Note that we can write the multinomial coefficients as products of binomial coefficients: $$ \frac{20!}{3!^2\,2!^4\,1!^6} =\textstyle\binom{20}{3}\binom{17}{3}\binom{14}{2}\binom{12}{2}\binom{10}{2}\binom{8}{2}\color{#C00}{\overbrace{\binom{6}{1}\binom{5}{1}\binom{4}{1}\binom{3}{1}\binom{2}{1}\binom{1}{1}}^{6!}}\tag5 $$ and $$ \frac{365!}{2!\,4!\,6!\,353!}=\textstyle\binom{365}{2}\binom{363}{4}\color{#C00}{\binom{359}{6}}\color{#CCC}{\binom{353}{353}}\tag6 $$ The product of the red terms is $6!\binom{359}{6}=359\cdot358\cdot357\cdot356\cdot355\cdot354$ and the greyed out term is $1$.

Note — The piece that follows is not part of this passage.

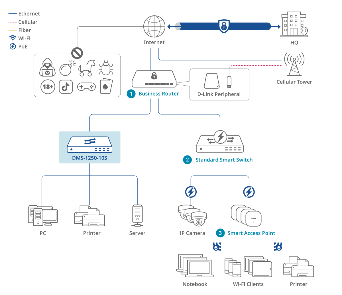 The DMS-1250 Series switches elevate your network with 2.5 Gbps ports, optimized for Wi-Fi 6 access points to maximize throughput and speed. Multi-Gigabit Ethernet eliminates bottlenecks, fully utilizing Wi-Fi 6’s high performance.

Thus, the result in $(1)$ can be written as $$ \frac{\binom{365}{2}\binom{363}{4}\binom{20}{3}\binom{17}{3}\binom{14}{2}\binom{12}{2}\binom{10}{2}\binom{8}{2}\cdot359\cdot358\cdot357\cdot356\cdot355\cdot354}{365^{20}}\tag7 $$ which matches the result in the question.